Today we are going to tell you a little story about two friends who live in the ‘burbs of Sydney. This is a story about two Aussies who are not too dissimilar to you or me.

Meet Shazza. Shazza is a proud employee for a long-standing Aussie owned and operated family business who specialize in classic wide brim hats. Shazza has worked for this company for yonks. She adores her role as the head designer for these hats and oversees each and every single hat through its entire manufacturing lifecycle. Just down the road lives her mate Johno. Johno also works for a company who sell outdoor clothing, including specky wide-brim hats, but this is a company who source all of their products from distant and exotic locations from around the globe.

So, let’s just take a closer look at these two friends, their different working lives and learn more about the greater impact these companies have on our economy here in Australia.

What Shazza’s workplace feels like
Shazza has been a long-time supporter of this Aussie company, a company that was built on the back of hard yakka bushmen. A family-run operation that has been handed down from generation to generation, each time evolving and changing to suit the needs of its niche customer base. Their brand fosters long-standing knowledge about what their customers love and need, in an environment as harsh and unforgiving as Australia. Whilst their products might not be the most competitively priced hats on the market, they are proud to offer a product that has been made by Australian’s, using all-Australian materials for Australian people.

What Johno’s workplace feels like
Johno on the other hand is just a small piece of the puzzle that is this multinational adventure clothing franchise. They offer a huge range of outdoor clothing, that is designed to look the part but at a price that isn’t dreaming. Johno is in charge of hunting down the cheapest manufacturing factories that are capable of producing the huge volumes of stock this companies’ customers consume each year. They launch thousands of new designs for their collections, making them one of the largest outdoor apparel retailers in the world. Since Johno works for the Australian department he must ensure that manufacturing deadlines are met so that stock can be shipped across the globe to Australia in the quickest time frame possible. This companies’ customers have rapidly changing fashion trends, that live in an age of speed and disposability. Some might know this to be fast fashion.

The effects of the pandemic…
Johno has been facing some tough times. The recent pandemic has thrown a spanner in the works for the regular operating procedures for this company. This is a company that has fine-tuned and improved its supply chain so that new designs can be developed, produced, and on the shop floor within just two weeks, exporting garments 24 hours and day, 365 days a year, offering a continuous supply of fresh new apparel. All of these supply chains have quickly ground to a halt in the wake of COVID-19. Johno has been struggling to get any new stock from their host of suppliers from various locations around the world. Their largest factory in China has, in fact, closed down until further notice. All that remains on their shop floors is a bunch of empty hangers and a handful of odd-sized mismatches. There have been many difficult discussions around cost restructuring and the doubt surrounding any future forecasting which has created a lot of uncertainty amongst Johno and many of his workmates.

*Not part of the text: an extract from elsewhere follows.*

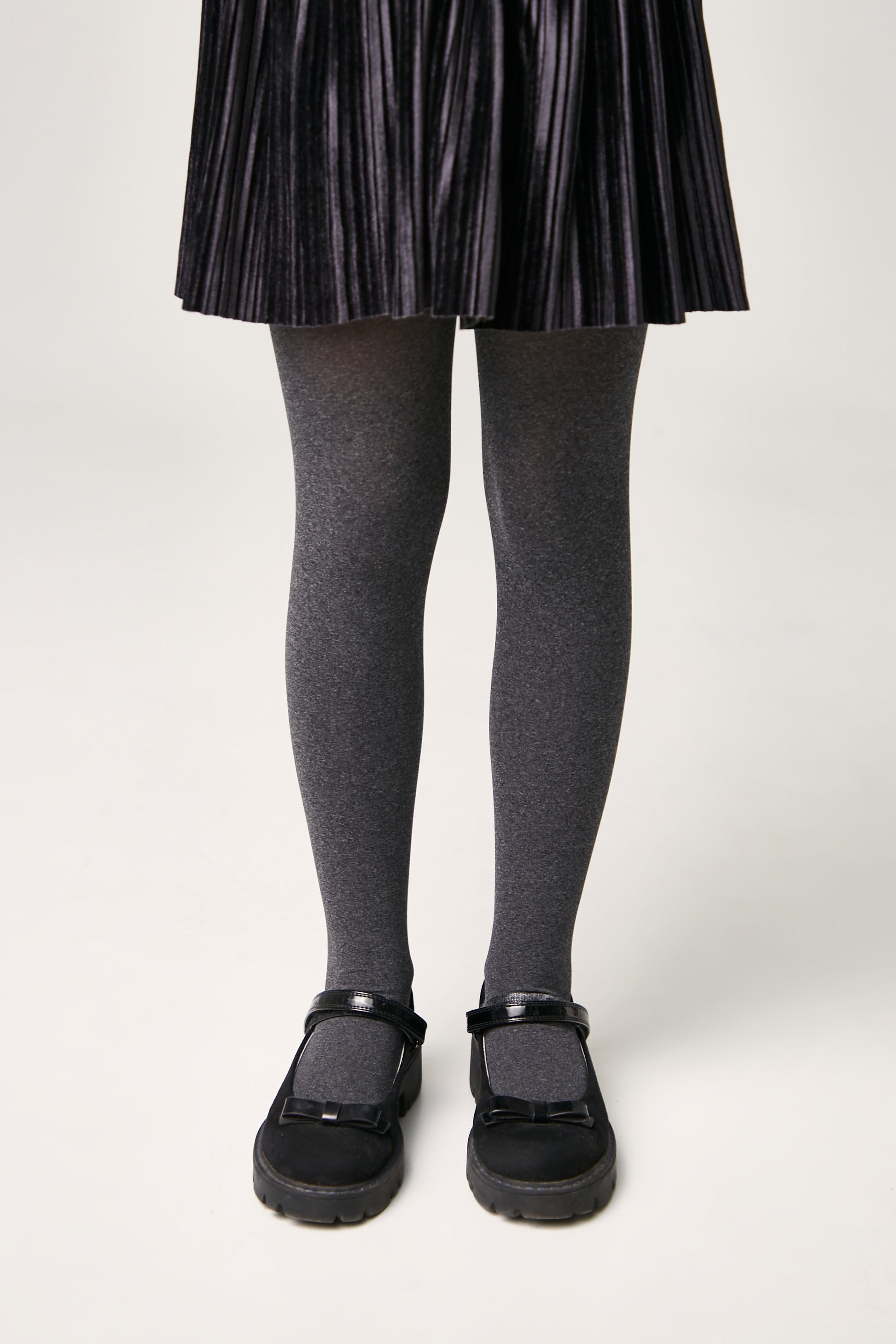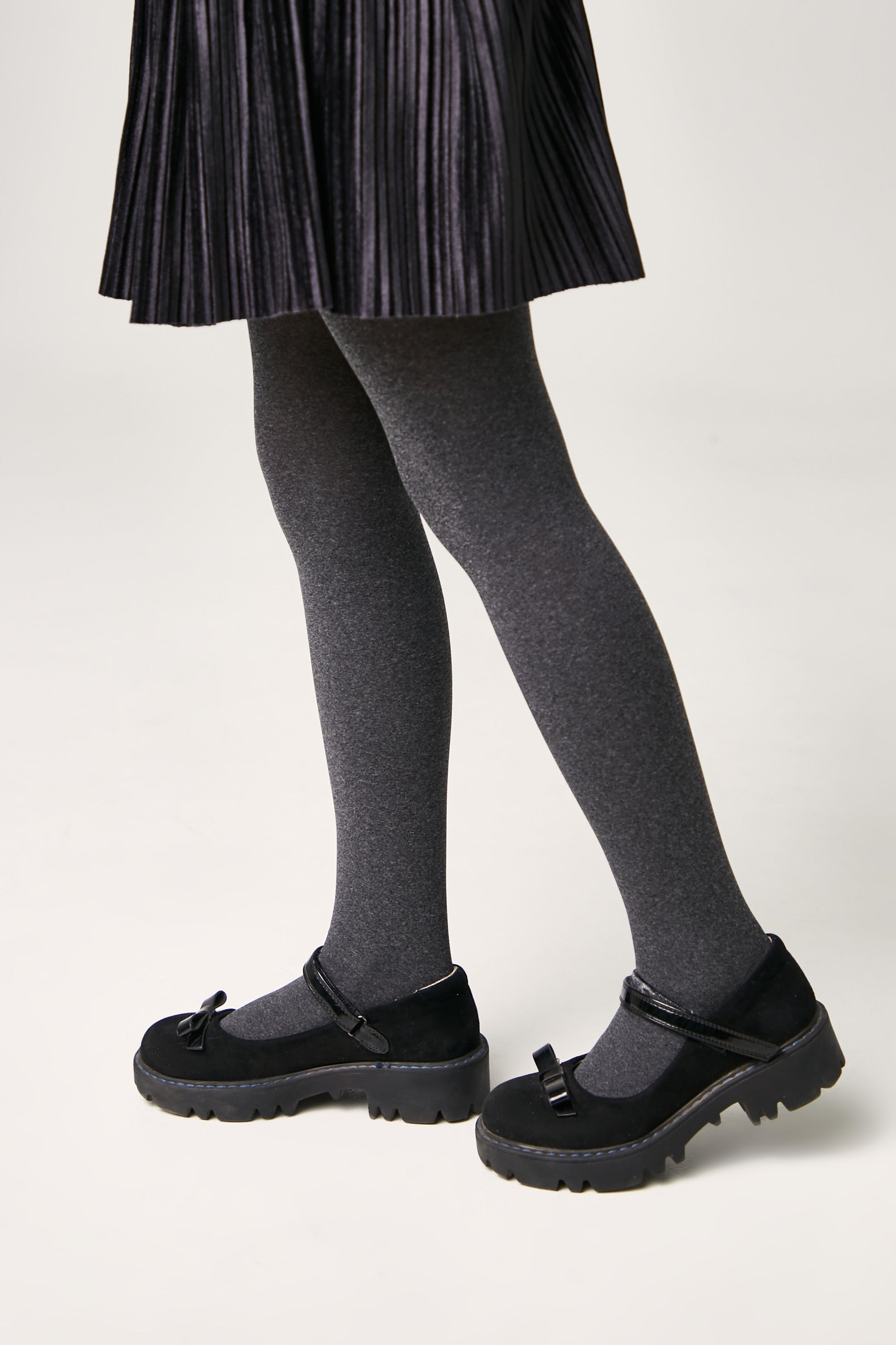 Dense melange tights MELANGE microfiber are soft and elastic, stretch well and provide warmth. A comfortable wide waistband securely holds the tights in place.

Shazza’s working environment is quite the opposite, and her company has never been busier. After many years of battling with the ‘big guys’ this Aussie company has finally been given a break. With the lack of imported goods arriving for their multinational competitors, more Australian’s have started to look closer to home to fair dinkum brands like the one Shazza works for. And as a result, business is booming.

And there has been a buzz of good vibes coming from their happy customers. These customers have noticed the superior quality that is born out of the stringent manufacturing protocols in place in Australia. They can appreciate the density and softness in the Australian grown materials and for those conscious customers, they are pleasantly surprised to discover all of the environmental ticks of approval that this company is required to comply with when manufacturing here.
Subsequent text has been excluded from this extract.